The latest episode of Pose (s3 ep5) was my favorite Pose episode next to the second to final episode of season 2 when they go to the beach. These episodes showed trans POC indulging in extravagance and it felt expansive. To see people who have been historically excluded from engaging in acts of elitism (defining here as spending riches, being pampered, wearing expensive things). It felt cathartic to see this family share their riches with each other in shiny scenes dipped in gold jewels and fancy fabrics. They felt regal, in their own rightful way.
I began this newsletter to experiment and explore what it means to live a life of luxury while simultaneously honoring the values of liberation.
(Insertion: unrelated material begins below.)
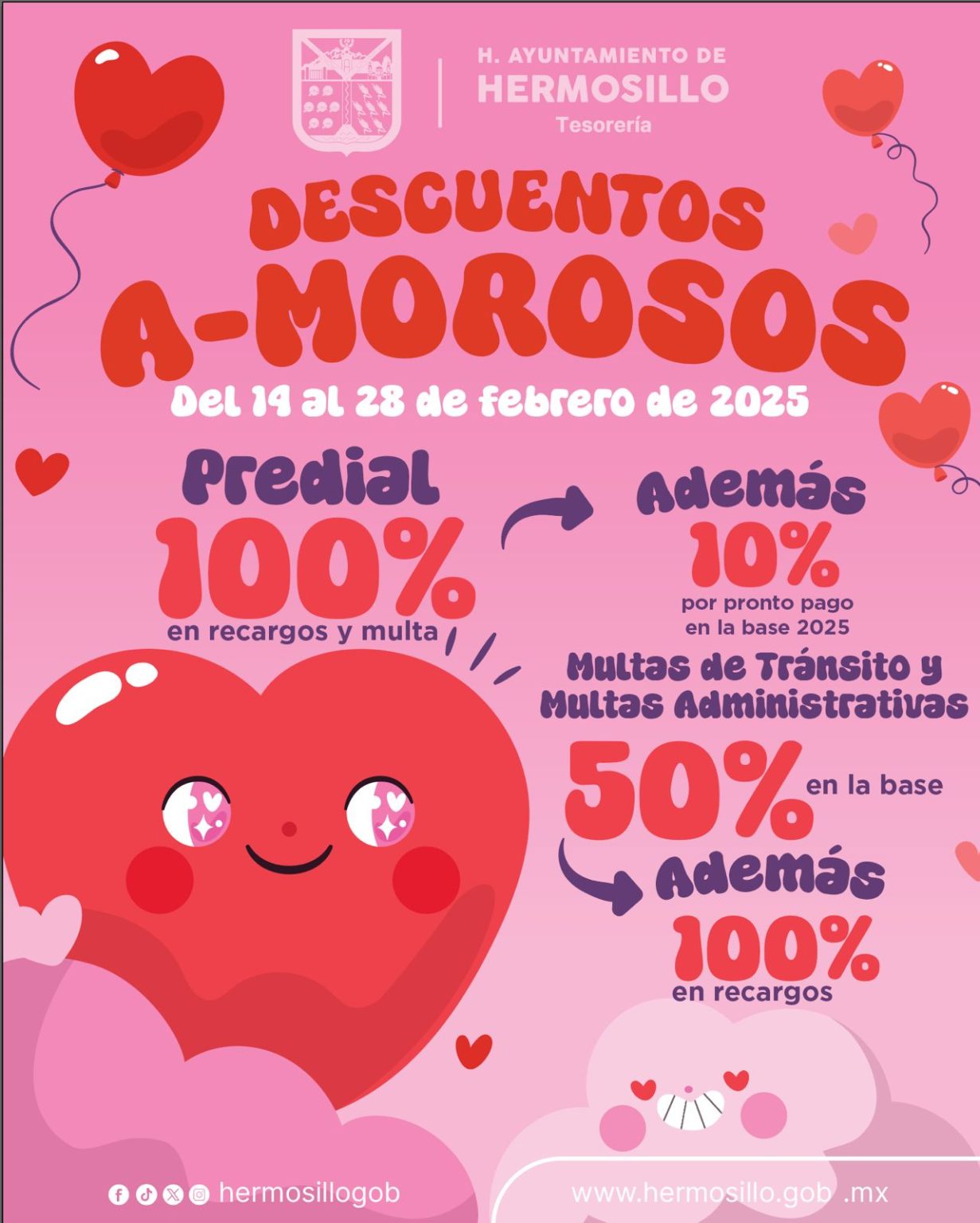 El Gobierno Municipal de Hermosillo, a través de Tesorería, lanzó la promoción Descuentos A-Morosos dirigido a contribuyentes que tienen adeudos y quieran aprovechar el descuento el 100 por ciento en los recargos y en las multas de predial, además del 50 en la base de multas administrativas y multas de tránsito.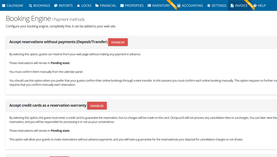 3.- Configuration> Booking Engine> Payment methods https://app.octopus24.com/settings/booking-engine/payments

We’re taught we have to choose. I don’t want to. I want abundance for people who have been forced into scarcity. I want excess so I can circulate capital and spend in places most c1sh3t yt folks would never think of spending in. I want indulgence so I can sustain myself through consistent joy instead of fearful urgency. I want access to healing modalities stolen from my ancestors so I can address trauma from the root up, so I don’t have to settle for simply numbing the symptoms.
This is why I dream. To move towards luxury, to reshape luxury, to liberate myself, to liberate the collective.
This is why I dream, and this is why I invite you to dream with me.
Here for every word of this. YES to LIBERATED LUXURY. Thank you for dreaming out loud, Jezz. I see it all for you! 💖
We're strangers, but I think we're on a parallel journey because I've been thinking about my own version of "liberated luxury" too (I'm a taurus sun and rising). You've expressed this in a beautiful way. Anyways, just wanted to pop by and say that I love your writing. You're an inspiration to a fellow Asian.